William Kaeser founded the non-profit Indianapolis Art League in 1934. The group that would eventually become the Indianapolis Art Center was funded as a Works Progress Administration project under President Franklin D. Roosevelt's administration during the Great Depression. Kaeser, an Austrian graduate of the Herron School of Art and Design, had started organizing adult education art study groups, starting with a group of ten women at Public School 72. In 1938, the art study groups formed into the Indianapolis Art Students' League, its name and character influenced by the populist Art Students League of New York.

Due to gas rationing during World War II, classes were located at various venues throughout Indianapolis, eventually settling at Public School 66. By the 1950s, the group had to seek other quarters and finally settled at the Holliday House at Holliday Park in 1952. The House served as the first permanent venue for the Indianapolis Art League until it burned down in 1958.

After the fire, the Art League began raising funds for a new facility, and in 1960 they became incorporated as the Indianapolis Art League Foundation. Major gifts were made by members, corporations, the public, the Elsie Sweeney Foundation and the Indianapolis Foundation, as well as a land gift at 3103 North Pennsylvania St. by John and Marguerite Fehsenfeld. The Art League built its first new facility with two art studio classrooms and a lobby.

Twelve to fifteen years later, the League sought new space, and in 1976 raised $300,000, with large gifts from the Indianapolis Foundation and Lilly Endowment. With director M. Steele Churchman, they built a new 10,200 sqft. venue along the White River in Broad Ripple Village; it had five studios, a gallery, a library and offices. Classes doubled within the first year—totaling 40 a week. With these successes, in 1976 the Art League hired its first executive director Joyce Sommers; she was a former student who had become a board member at the center.

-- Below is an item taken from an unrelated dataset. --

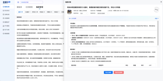 AI智能判定隐患,提供法规依据的整改方案,自动分派责任人
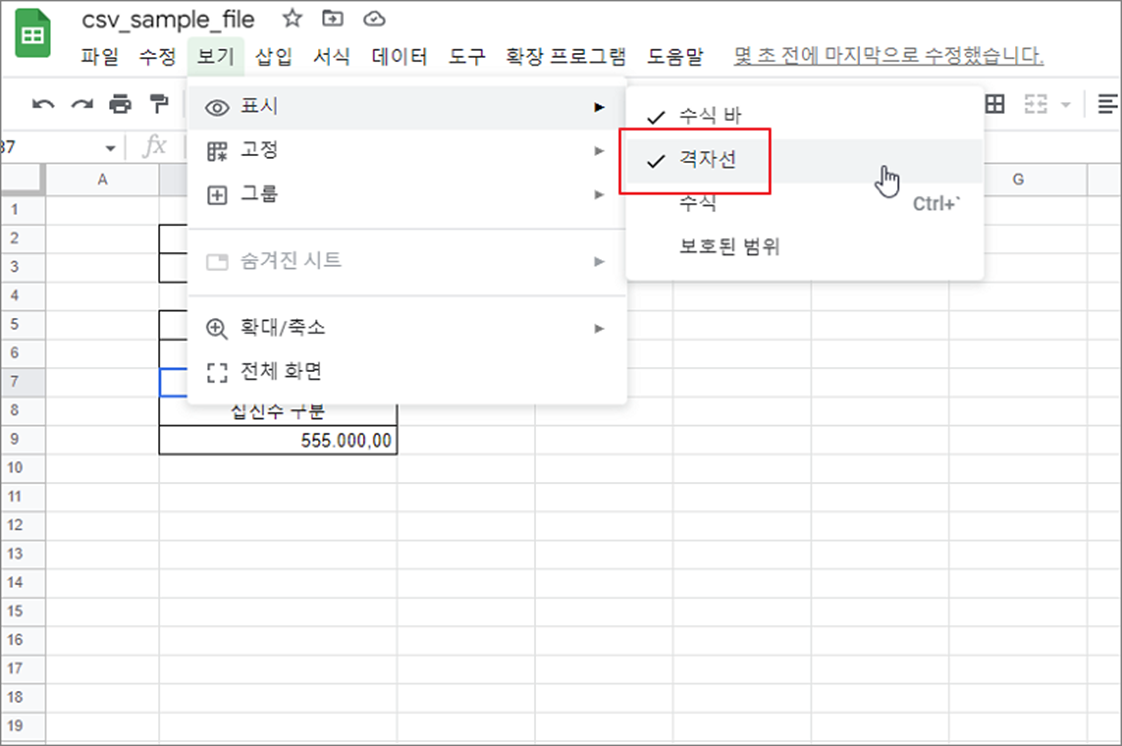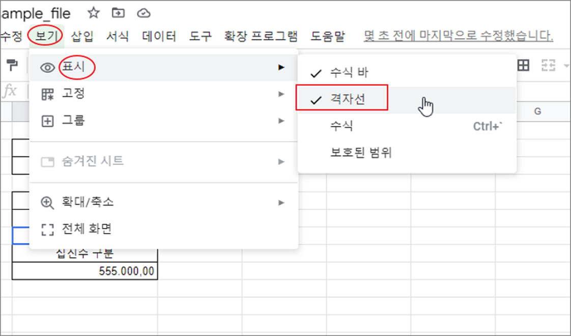 ▼ 회색 격자선을 숨기기 위한 방법은 간단합니다. 상단 보기 > 표시 > 격자선 메뉴를 통해 셀 간 선을 표시할 것인지 아니면 숨길 것인지 결정할 수 있습니다. 메뉴를 클릭해서 체크 표시를 해제하면 라인이 사라집니다.

In the early 1980s the Center attempted to run a retail store on site, but it failed and they closed it. The sale allowed the center to buy more land. The Art League's architectural expansion began in 1989 with the Riverfront Performance Terrace. By 1993 the Art League hosted 100 classes a week with 55 part-time faculty members.

By 1994 they had raised $7.6 million in their capital campaign and completed the new building in 1996. That year the Art League changed its name to the Indianapolis Art Center, in accordance with its major expansion. In 2009 Sommers retired after 33 years of service.

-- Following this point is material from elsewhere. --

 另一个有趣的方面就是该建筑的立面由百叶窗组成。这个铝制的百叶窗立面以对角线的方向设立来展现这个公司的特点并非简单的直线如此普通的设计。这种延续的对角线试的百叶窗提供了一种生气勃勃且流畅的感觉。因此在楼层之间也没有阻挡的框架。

After a national search Patrick Flaherty became president and executive director in September 2014.

==Architecture==

The Indianapolis Art Center's 40,000 sqft building was designed by Indiana-born architect Michael Graves. Graves, a former high school classmate of director Joyce Sommers, was handpicked by Center leaders. He was given complete creative control over the project, $6 million at the time of original construction. Funds were raised by a capital campaign, a major contribution from the Ruth Lilly, the Lilly Endowment and other corporate and civic organizations. Construction was completed by Indianapolis-based Shiel-Sexton Company, who was chosen by a committee of local architects, and was completed on time and on budget.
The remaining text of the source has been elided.